* Recorded data *
┌──

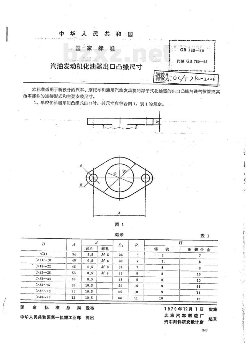 - QC/T 762-2006 汽油发动机化油器出口凸缘尺寸
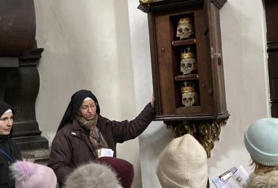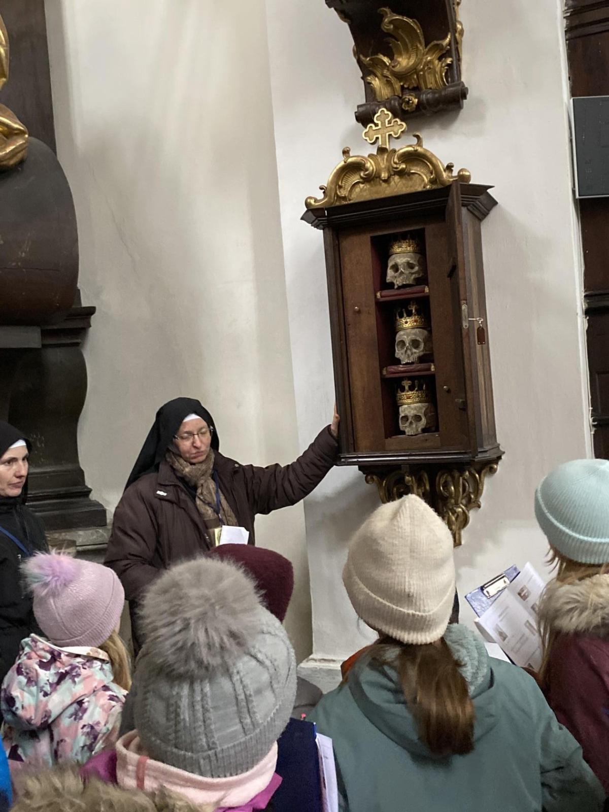 Prohlídkou Zbraslavského kláštera a zámeckého areálu, jehož součástí je i barokní kostel sv. Jakuba Většího, nás provedly sestry karmelitky - Jitka a Anastazia. Během prohlídky jsme si připomněli především osobnost Elišky Přemyslovny, matky a manželky. Zastavili jsme se u jejího hrobu a vyslechli si zajímavosti z jejího života i z osudu dalších potomků Přemyslovců a Lucemburků, kteří jsou s tímto místem spojeni.
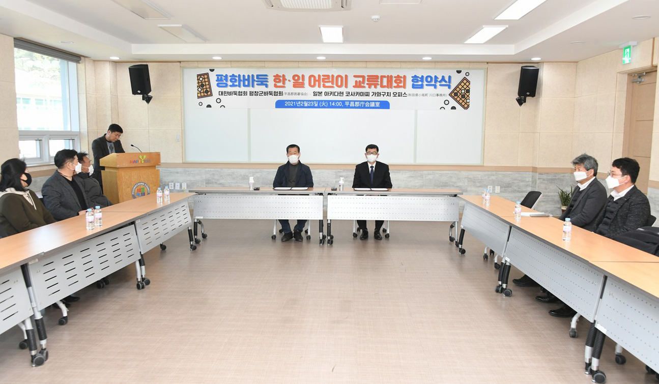 23일 대한바둑협회 평창군바둑협회와 일본 아키다현 코사카마찌 가와구치 오피스간 평화바둑 한· 일 교류대회 협약식이 군청 신관회의실에서 신형구 평창군바둑협회장, 김종구 KOSAKA-RE 공동대표 등 관계자 10여 명이 참석한 가운데 있었다. (평창포토뉴스 김춘호)

└──

* Exercise instructions *
Reproduce the material exactly; omit the pictures.

* Exercise solution *
 - QC/T 762-2006 汽油发动机化油器出口凸缘尺寸
 Prohlídkou Zbraslavského kláštera a zámeckého areálu, jehož součástí je i barokní kostel sv. Jakuba Většího, nás provedly sestry karmelitky - Jitka a Anastazia. Během prohlídky jsme si připomněli především osobnost Elišky Přemyslovny, matky a manželky. Zastavili jsme se u jejího hrobu a vyslechli si zajímavosti z jejího života i z osudu dalších potomků Přemyslovců a Lucemburků, kteří jsou s tímto místem spojeni.
 23일 대한바둑협회 평창군바둑협회와 일본 아키다현 코사카마찌 가와구치 오피스간 평화바둑 한· 일 교류대회 협약식이 군청 신관회의실에서 신형구 평창군바둑협회장, 김종구 KOSAKA-RE 공동대표 등 관계자 10여 명이 참석한 가운데 있었다. (평창포토뉴스 김춘호)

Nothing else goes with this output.